• _Your objective_: Would you return exactly the lines from the top of the data below through the one containing "Via de trap", leaving out the pictures?

----- Data to use

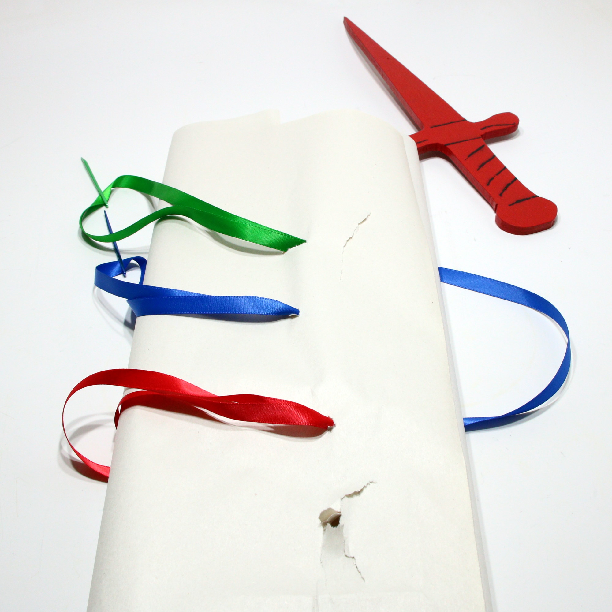Effect: A model glass window is freely shown and the glass proven to be real glass. It is then wrapped in newspaper. While all eyes are focused on the performer, he plunges a RED DAGGER right through the CENTER OF GLASS. Three fancy, colorful ribbons are then pushed through the glass from many angles, the effect being that you are SEWING THROUGH GLASS. The ribbons are clearly seen to be hanging down on both sides and are pulled back and forth. This effect of SEWING THOUGH GLASS is one of the very prettiest effects to watch in magic.
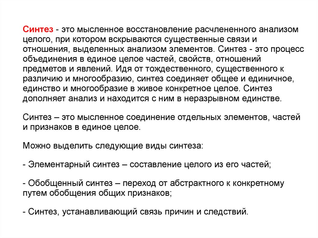 Синтез – это мысленное соединение отдельных элементов, частей
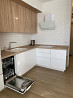 из мебели: кухонный гарнитур, холодильник, плитка с духовой печью, стол и стулья, электрический чайник и посуда, диван-кровать, шкафы и т.д.
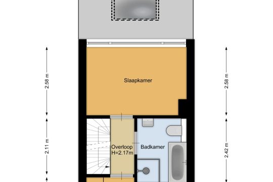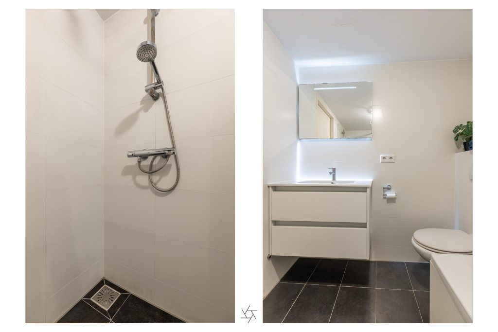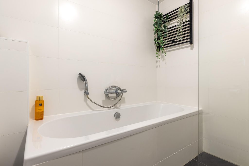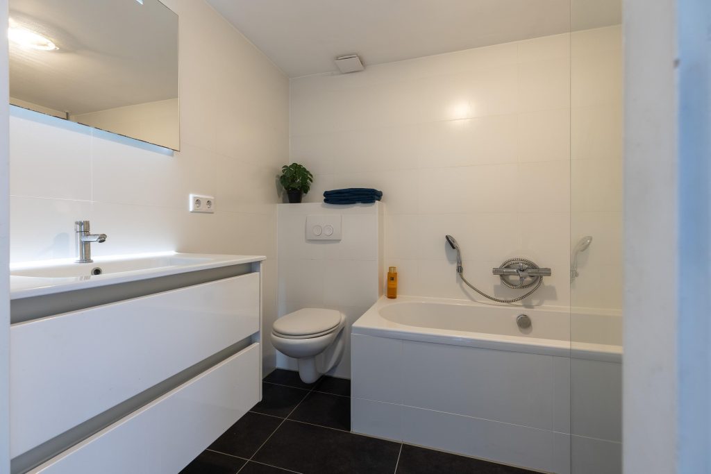 Via de trap in de woonkamer kom je op de overloop die toegang geeft aan de slaapkamer aan de voorzijde met kastenwand. Daar zit een handig kraantje aan de wand voor als je dorst mocht krijgen tijdens de nacht. Daarnaast geeft de overloop toegang tot de tweede slaapkamer aan de achterzijde, beide kamers zijn woningbreed. De moderne badkamer uit 2018 is voorzien van een inloopdouche, bad, wastafelmeubel, tweede toilet (vrijhangend) en designradiator.
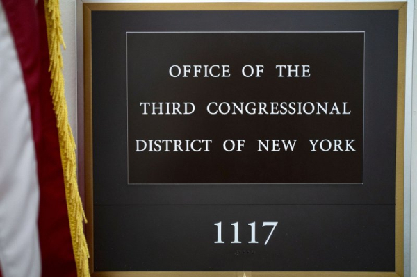An “Office Of The Third Congressional District of New York” sign is displayed outside the office of former Rep. George Santos, R-NY, after he was expelled from Congress on Friday, December 1, 2023. Santos, who was charged with 23 felonies in New York, is the six person in U.S. history to be expelled from The House of Representatives. Photo by Bonnie Cash/UPI | License Photo
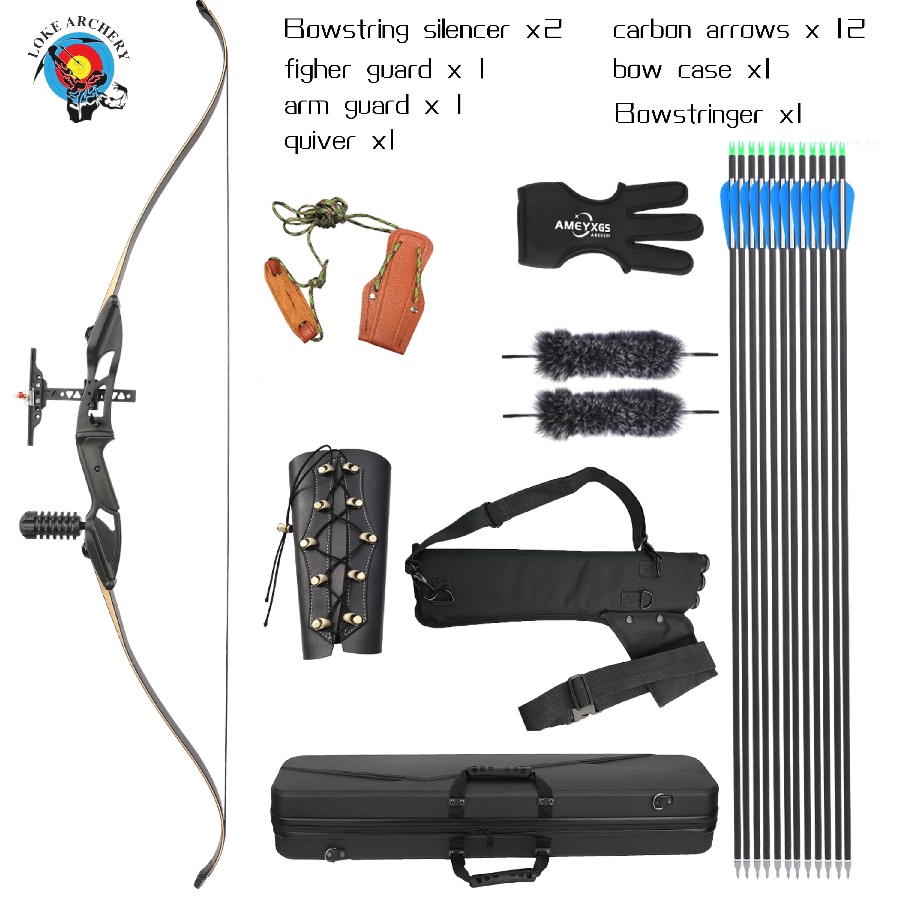 Bow Set: 1 x F179 hunting recurve bow, 1 x Finger Tab, 1 x Arm Guard, 12 x Carbon Arrows, 1 x Bow Case, 1 x Quiver, 1 x Bow stringer, 2 x String silencers
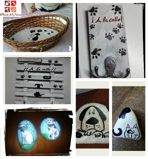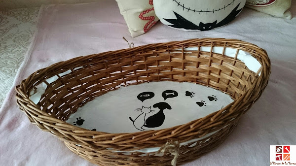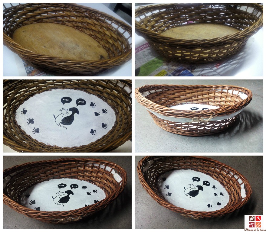 He pintado en el centro y a mano alzada un dibujo de un gato y un perro, he protegido con barniz spray y he adornado con una cinta alrededor.
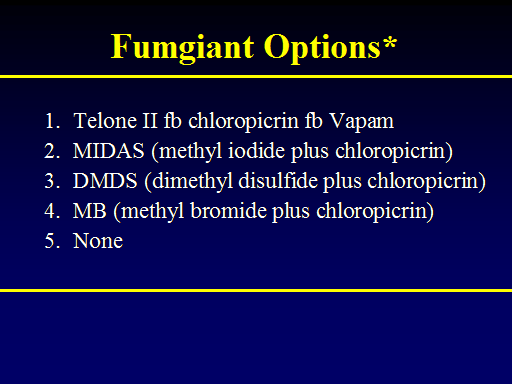 Fumgiant Options*<BR> <BR>Telone II fb chloropicrin fb Vapam <BR>MIDAS (methyl iodide plus chloropicrin) <BR>DMDS (dimethyl disulfide plus chloropicrin) <BR>MB (methyl bromide plus chloropicrin) <BR>None<BR>
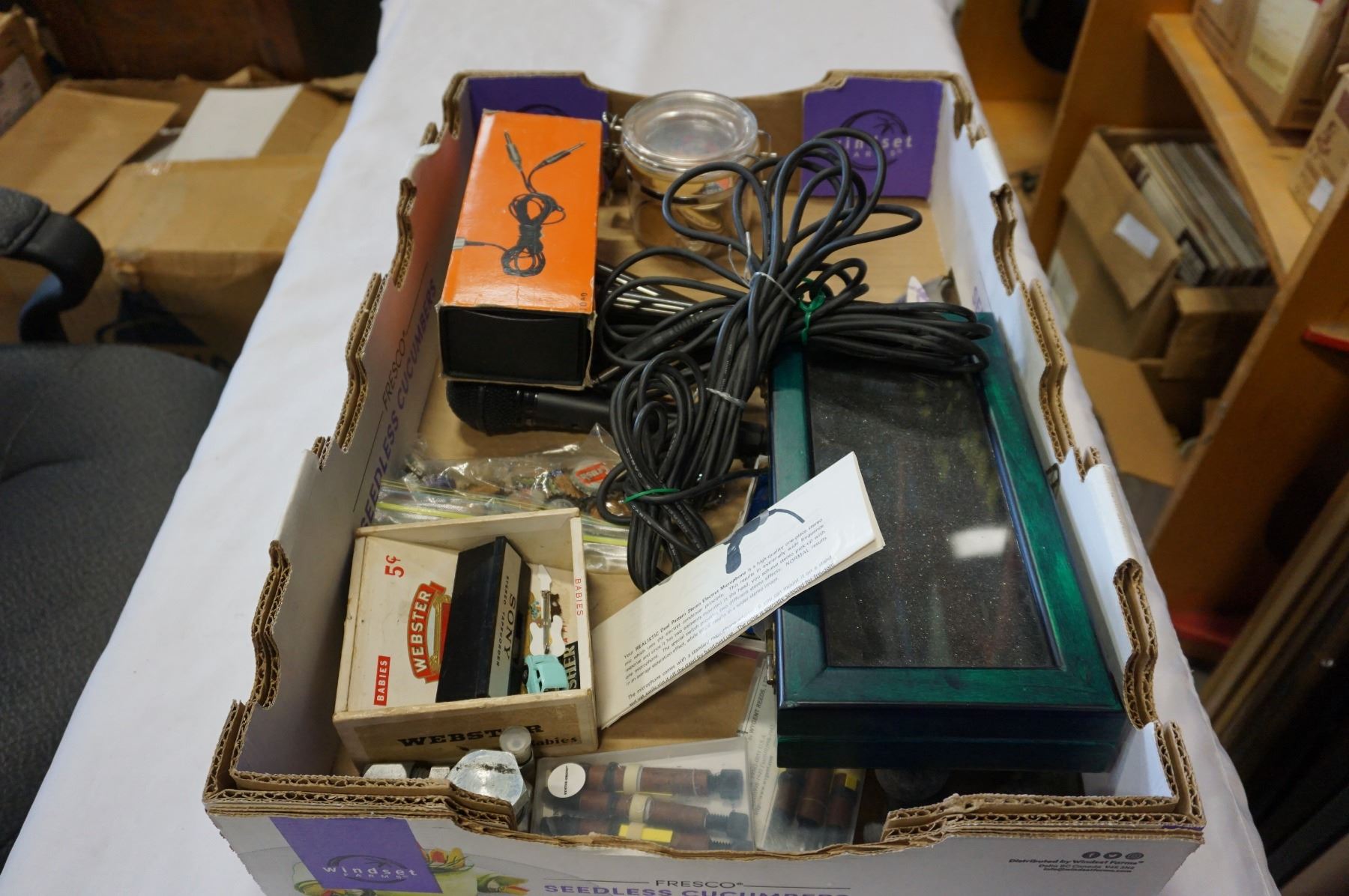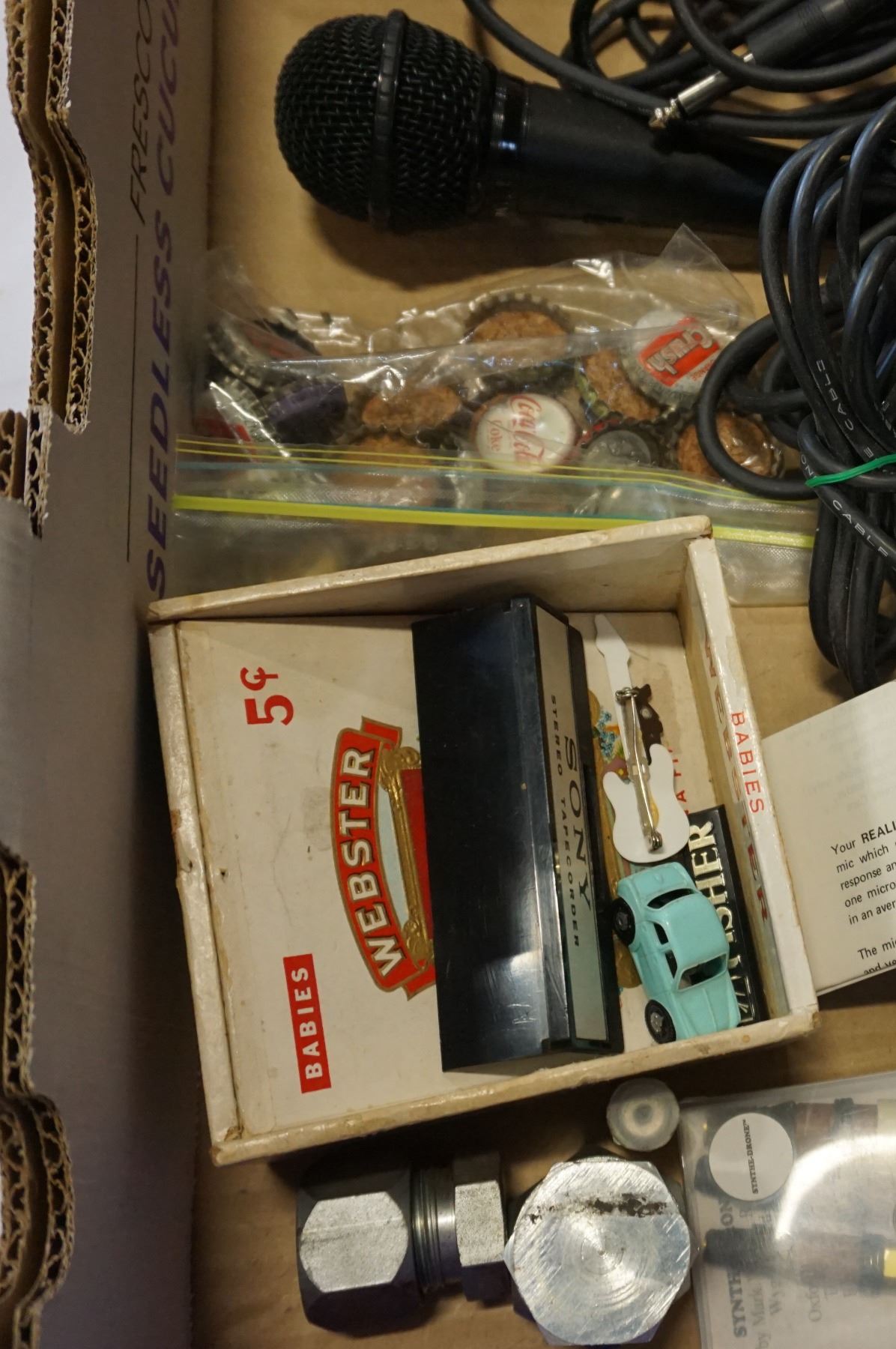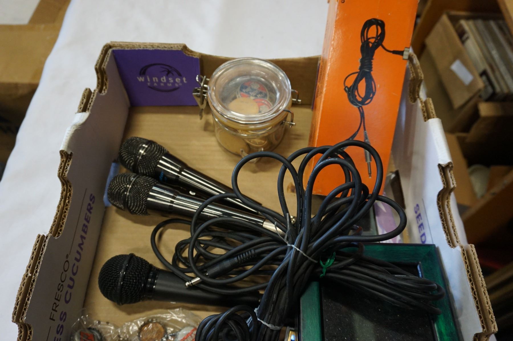LOT OF MICROPHONES, HARMONICA, BAGPIPE VALVES, AND COLLECTIBLES
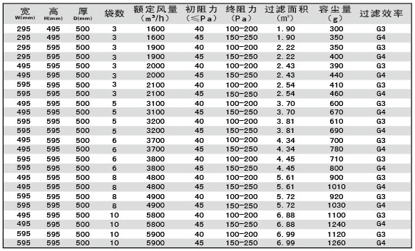 過濾效率:G1:40%@5.0μm、G2:65%@5.0μm、G3:85%@5.0μm、G4:90%@5.0μm(計重法);

----------

• _Solution to the exercise_:
Effect: A model glass window is freely shown and the glass proven to be real glass. It is then wrapped in newspaper. While all eyes are focused on the performer, he plunges a RED DAGGER right through the CENTER OF GLASS. Three fancy, colorful ribbons are then pushed through the glass from many angles, the effect being that you are SEWING THROUGH GLASS. The ribbons are clearly seen to be hanging down on both sides and are pulled back and forth. This effect of SEWING THOUGH GLASS is one of the very prettiest effects to watch in magic.
 Синтез – это мысленное соединение отдельных элементов, частей
 из мебели: кухонный гарнитур, холодильник, плитка с духовой печью, стол и стулья, электрический чайник и посуда, диван-кровать, шкафы и т.д.
 Via de trap in de woonkamer kom je op de overloop die toegang geeft aan de slaapkamer aan de voorzijde met kastenwand. Daar zit een handig kraantje aan de wand voor als je dorst mocht krijgen tijdens de nacht. Daarnaast geeft de overloop toegang tot de tweede slaapkamer aan de achterzijde, beide kamers zijn woningbreed. De moderne badkamer uit 2018 is voorzien van een inloopdouche, bad, wastafelmeubel, tweede toilet (vrijhangend) en designradiator.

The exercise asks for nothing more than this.